### [What is being asked]
The lines below, from the one containing "El logotipo conformado" through the one containing "Идеальный букет для", should be set down exactly, with no pictures and nothing else.

Data shown START

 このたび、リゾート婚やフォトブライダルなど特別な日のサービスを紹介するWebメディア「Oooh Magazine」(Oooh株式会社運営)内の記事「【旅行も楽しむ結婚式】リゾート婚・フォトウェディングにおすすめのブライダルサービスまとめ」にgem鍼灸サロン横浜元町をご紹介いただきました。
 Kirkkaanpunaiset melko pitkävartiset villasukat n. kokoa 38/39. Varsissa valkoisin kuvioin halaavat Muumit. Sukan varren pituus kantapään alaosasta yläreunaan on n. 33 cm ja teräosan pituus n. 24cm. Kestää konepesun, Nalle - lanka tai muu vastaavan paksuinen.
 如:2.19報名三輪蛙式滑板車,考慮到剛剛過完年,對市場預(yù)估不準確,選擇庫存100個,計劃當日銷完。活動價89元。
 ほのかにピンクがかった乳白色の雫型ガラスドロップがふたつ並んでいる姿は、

Data shown END
Data shown START

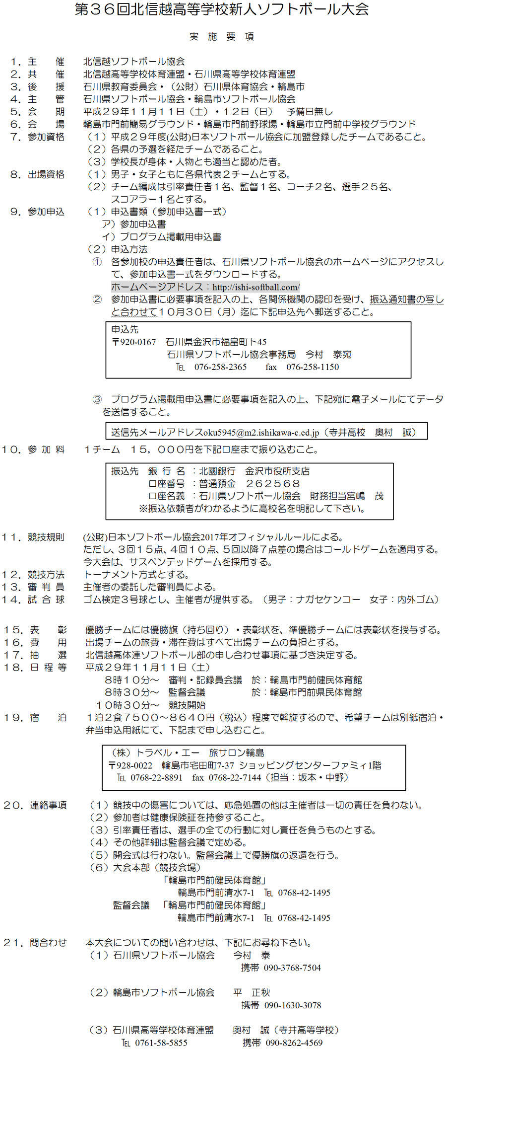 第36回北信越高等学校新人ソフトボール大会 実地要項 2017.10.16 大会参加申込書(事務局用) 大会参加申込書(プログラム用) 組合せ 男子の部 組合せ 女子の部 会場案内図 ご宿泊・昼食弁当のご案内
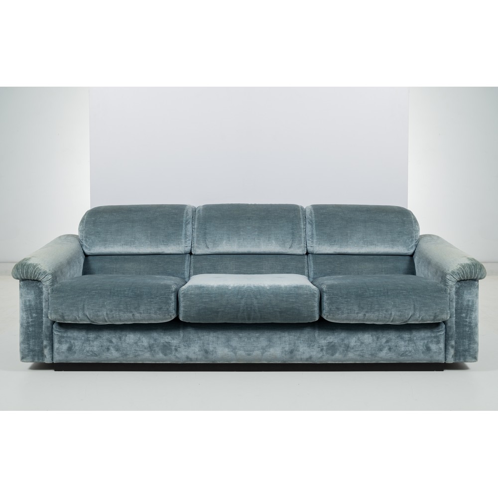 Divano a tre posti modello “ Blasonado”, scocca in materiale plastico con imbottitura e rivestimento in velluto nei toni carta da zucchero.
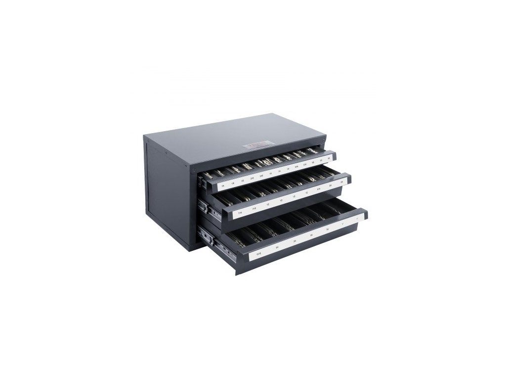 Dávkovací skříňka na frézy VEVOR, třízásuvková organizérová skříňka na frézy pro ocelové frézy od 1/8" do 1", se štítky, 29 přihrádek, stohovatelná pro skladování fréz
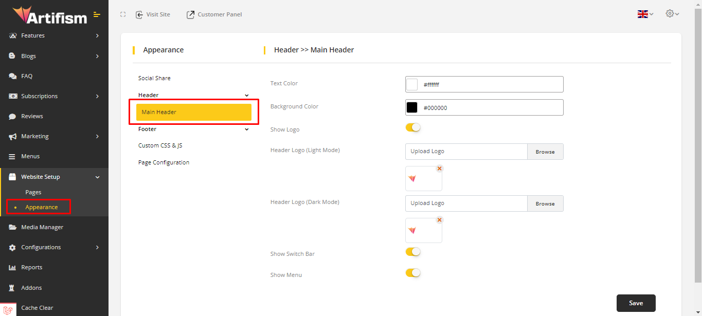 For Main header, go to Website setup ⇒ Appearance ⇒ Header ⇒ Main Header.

Data shown END
Data shown START

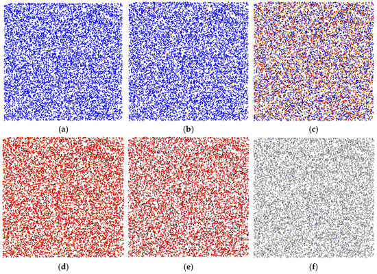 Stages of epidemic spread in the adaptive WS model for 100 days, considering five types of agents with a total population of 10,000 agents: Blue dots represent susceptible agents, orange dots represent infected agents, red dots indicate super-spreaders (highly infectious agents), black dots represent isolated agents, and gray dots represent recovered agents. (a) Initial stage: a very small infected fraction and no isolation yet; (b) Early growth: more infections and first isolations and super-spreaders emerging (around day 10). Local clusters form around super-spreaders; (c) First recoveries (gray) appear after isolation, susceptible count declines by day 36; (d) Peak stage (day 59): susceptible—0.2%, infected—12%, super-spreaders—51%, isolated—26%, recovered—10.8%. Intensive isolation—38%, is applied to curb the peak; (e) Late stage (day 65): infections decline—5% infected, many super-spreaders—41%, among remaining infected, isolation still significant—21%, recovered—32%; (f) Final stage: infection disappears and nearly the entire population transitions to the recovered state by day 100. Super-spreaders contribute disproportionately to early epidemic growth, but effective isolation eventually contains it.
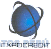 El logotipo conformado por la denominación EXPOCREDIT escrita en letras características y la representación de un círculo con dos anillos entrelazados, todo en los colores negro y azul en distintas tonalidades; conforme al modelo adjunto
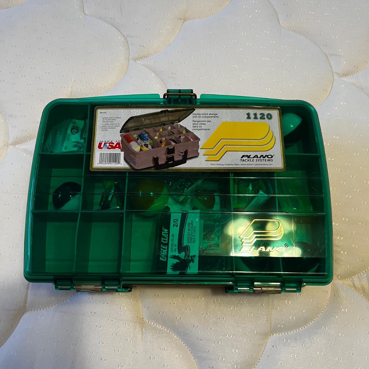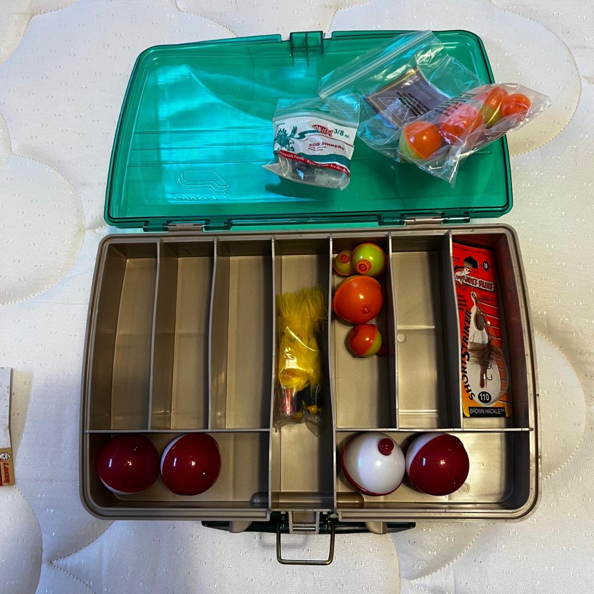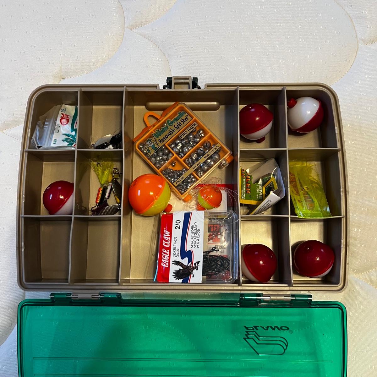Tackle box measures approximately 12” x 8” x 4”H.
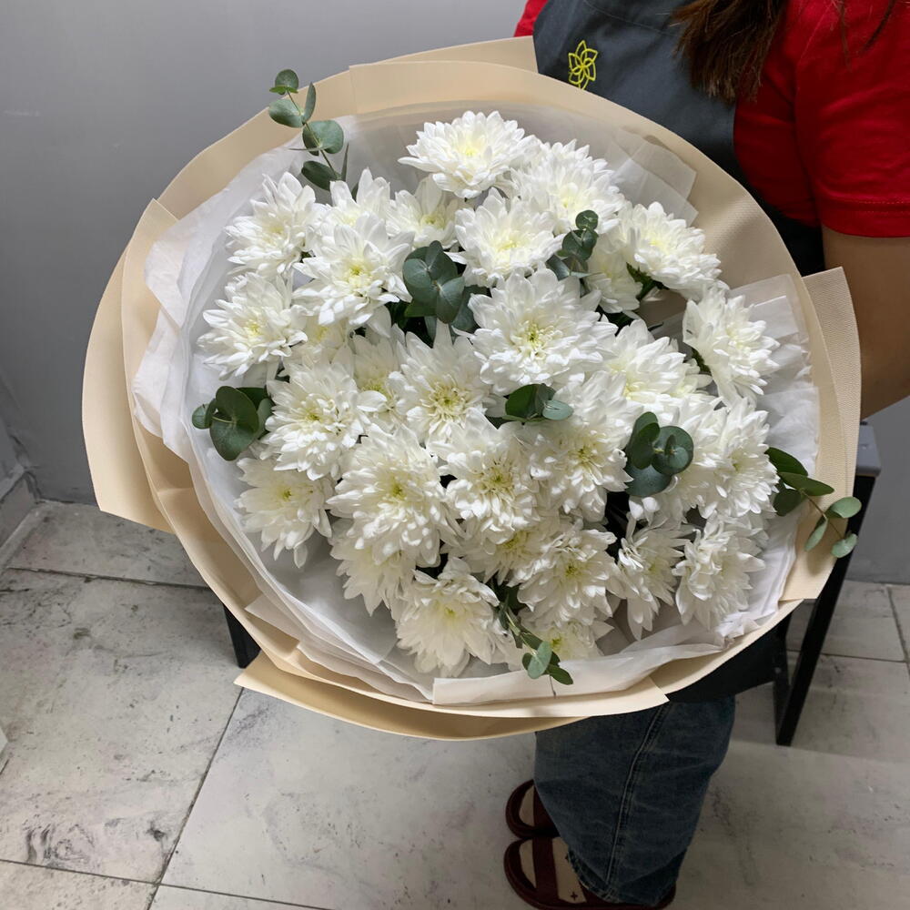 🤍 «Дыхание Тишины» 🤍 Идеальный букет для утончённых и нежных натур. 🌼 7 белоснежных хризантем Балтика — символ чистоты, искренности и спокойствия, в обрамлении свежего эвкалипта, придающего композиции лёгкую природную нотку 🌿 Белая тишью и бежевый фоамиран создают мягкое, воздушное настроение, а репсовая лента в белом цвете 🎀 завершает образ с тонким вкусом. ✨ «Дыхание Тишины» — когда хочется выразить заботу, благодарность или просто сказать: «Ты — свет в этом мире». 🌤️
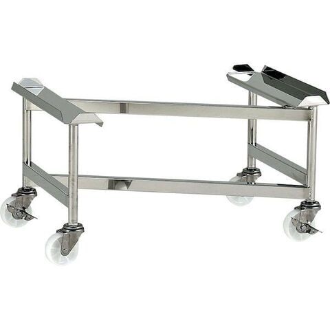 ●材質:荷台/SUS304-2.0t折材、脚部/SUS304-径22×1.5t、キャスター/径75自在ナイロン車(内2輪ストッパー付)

Data shown END

### [Solved exercise]
 El logotipo conformado por la denominación EXPOCREDIT escrita en letras características y la representación de un círculo con dos anillos entrelazados, todo en los colores negro y azul en distintas tonalidades; conforme al modelo adjunto
Tackle box measures approximately 12” x 8” x 4”H.
 🤍 «Дыхание Тишины» 🤍 Идеальный букет для утончённых и нежных натур. 🌼 7 белоснежных хризантем Балтика — символ чистоты, искренности и спокойствия, в обрамлении свежего эвкалипта, придающего композиции лёгкую природную нотку 🌿 Белая тишью и бежевый фоамиран создают мягкое, воздушное настроение, а репсовая лента в белом цвете 🎀 завершает образ с тонким вкусом. ✨ «Дыхание Тишины» — когда хочется выразить заботу, благодарность или просто сказать: «Ты — свет в этом мире». 🌤️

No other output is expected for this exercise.